In early 2022, I conducted a survey of members of curling clubs in the United States and Canada. The survey explored the relationship between membership in a curling club and social capital. Putnam (2000) defines social capital as “connections among individuals – social networks and the norms of reciprocity and trustworthiness that arise from them” (19). Curling is characterized by strong norms of behavior based on trust, which curlers often refer to as the “Spirit of Curling.” My survey showed that curling club members scored very high on measures of social trust. I plan to use part of the ICS fellowship to write an article based on this survey and submit it for publication.

There is a lively academic debate about the relationship between social capital and diversity (Hooghe 2007). Curling strives to be inclusive, but most curling clubs are less diverse than are the communities they serve. As part of my fellowship, I plan to conduct semi-structured interviews with members of groups which are underrepresented in the curling community: curlers with disabilities and curlers in the LGBTQ community. The findings from these interviews will inform my paper on social capital and, more immediately, will be shared with members of the curling community in forums devoted to DEI in curling hosted by curling governing bodies (USA Curling, Curling Canada, the Ontario Curling Association, and the World Curling Federation) with the goals of improving outreach to underrepresented communities and providing higher-quality adaptive curling instruction.

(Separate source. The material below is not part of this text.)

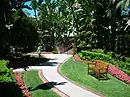 The extensive gardens, covering 12 acres (4.9 ha), were designed by landscape architect Wilbur David Cook. They contain bougainvillea, banana plants, hibiscus, and other tropical flora.[12] Svend Petersen, the Danish-American pool manager at the hotel for forty-two years, became a Hotel Ambassador in 2002.[56] He had notably opened up the pool after hours for the Beatles and taught Faye Dunaway to swim a 1940s freestyle crawl for her appearance in the film Mommie Dearest.[56]
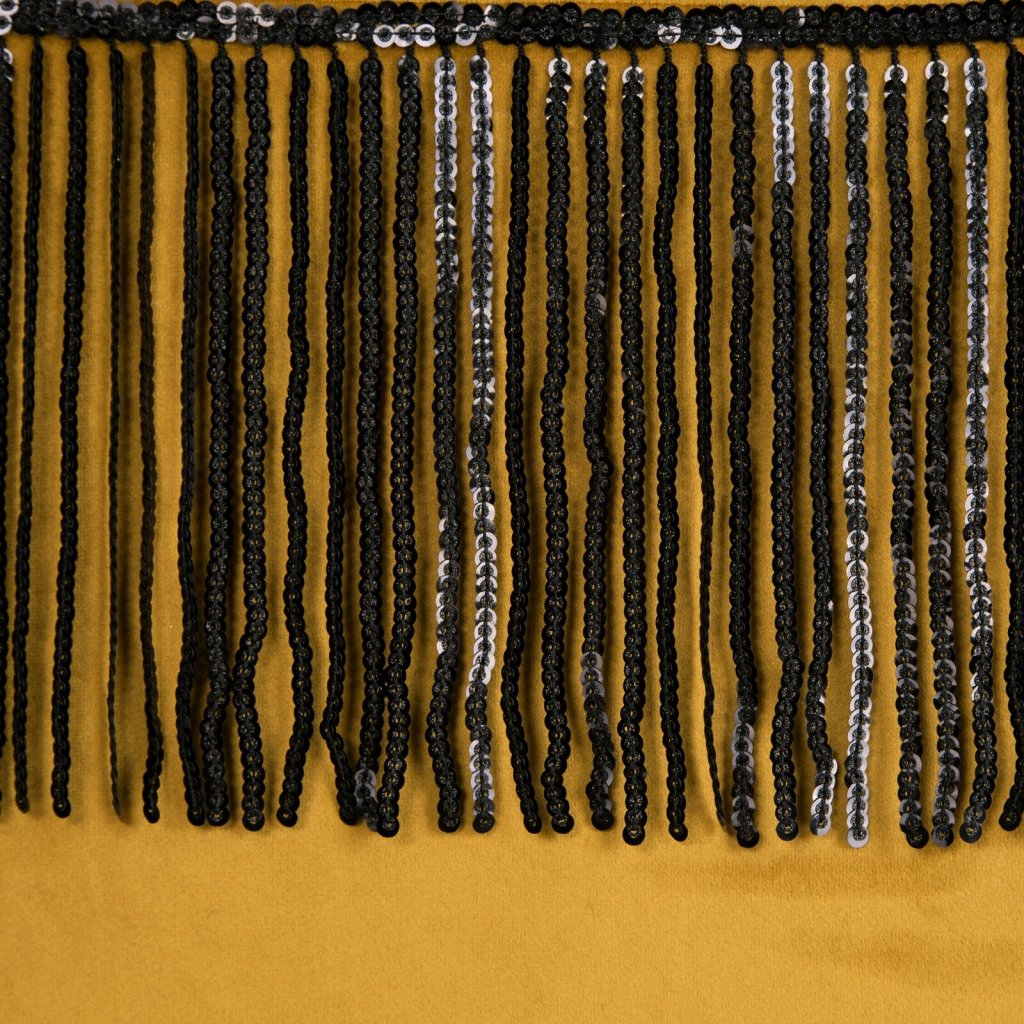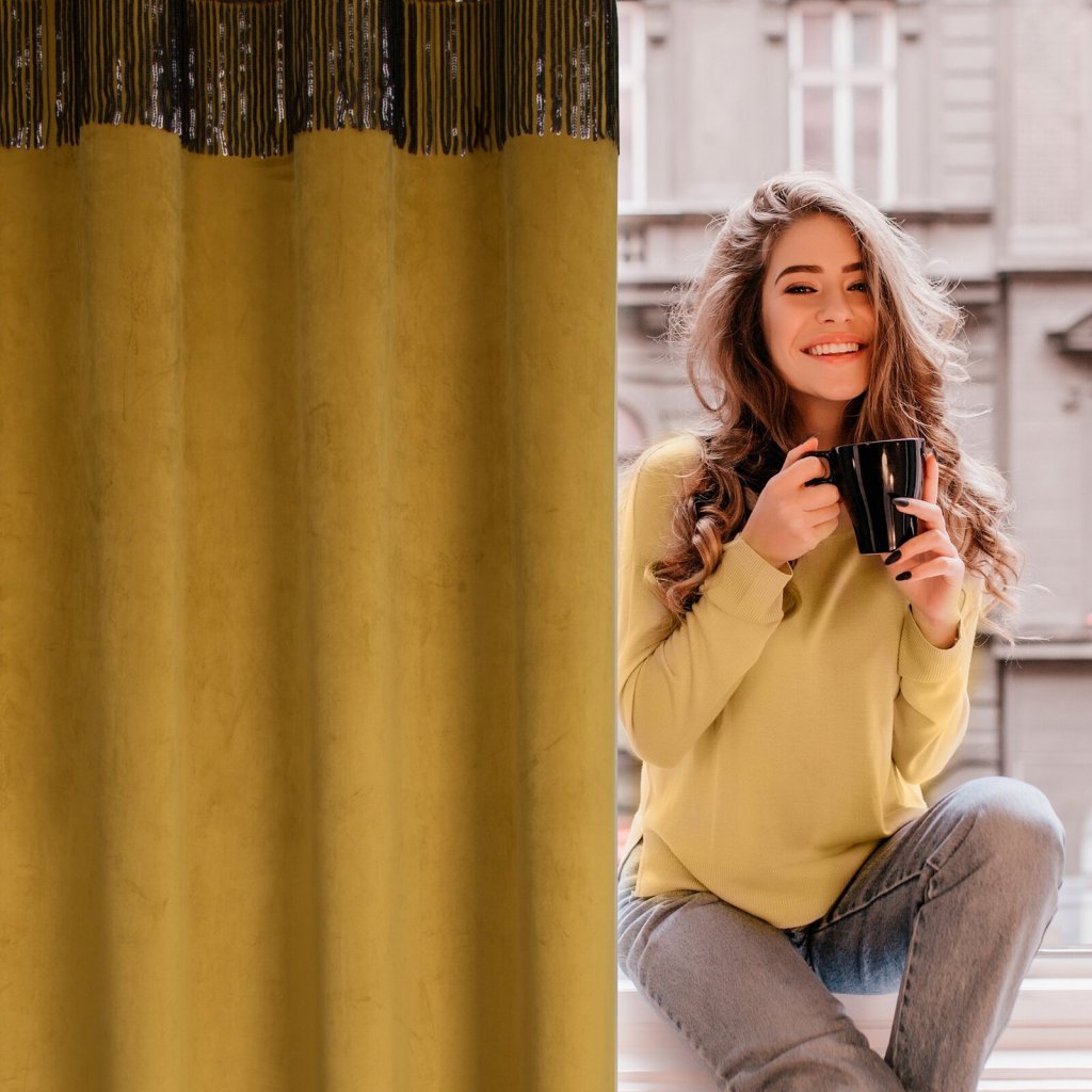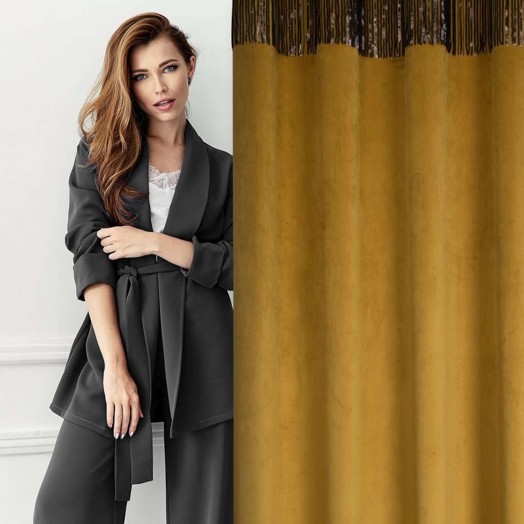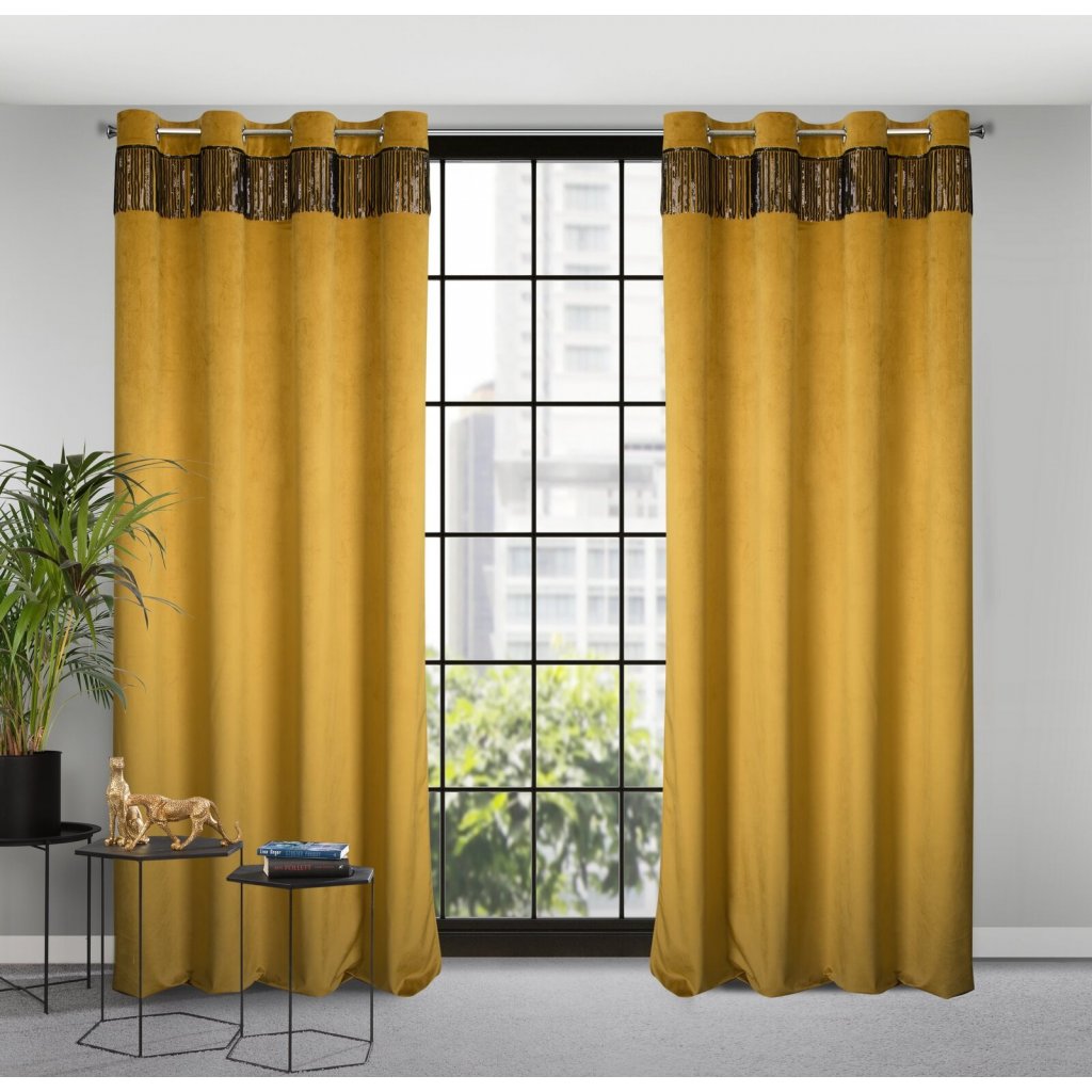 Sametový jednobarevný závěs s ozdobnou páskou s flitry šířka: 140 cm, délka: 250 cm, barva: zlatá, hmotnost: 290 GSM, složení: 100 % polyesterDoplňkové parametry

Banning Reality: The Right's Attack on 'Divisive Concepts' in Public Education and the Truth about Racism in the United States

Dr. Timothy Messer-Kruse, Professor in School of Cultural and Critical Studies 

Spring 2024

Public Lecture: TBA

Banning Reality is a research project examining recent legislative bans on “Critical Race Theory” (CRT). Unlike most of the public debate swirling around the issue of CRT Banning Reality does not analyze these laws on the basis of their contradiction of liberal principles of free speech or equity, or on the potential adverse impact of such prohibitions on public education. Rather, this project compares the most frequently banned seven “divisive concepts” against the known facts underlying these concepts. In other words, this project reveals how the anti-CRT crusade is actually an assault on reality, on the actual known world. Effectively, this project observes, the anti-CRT movement is a break with the older Allan Bloom “Closing of the American Mind”-style defenses of a “Western Canon” conservatism because it doesn’t attempt to argue on the level of facts–rather it begins from what conservatives believe is right and then impose these values on reality itself.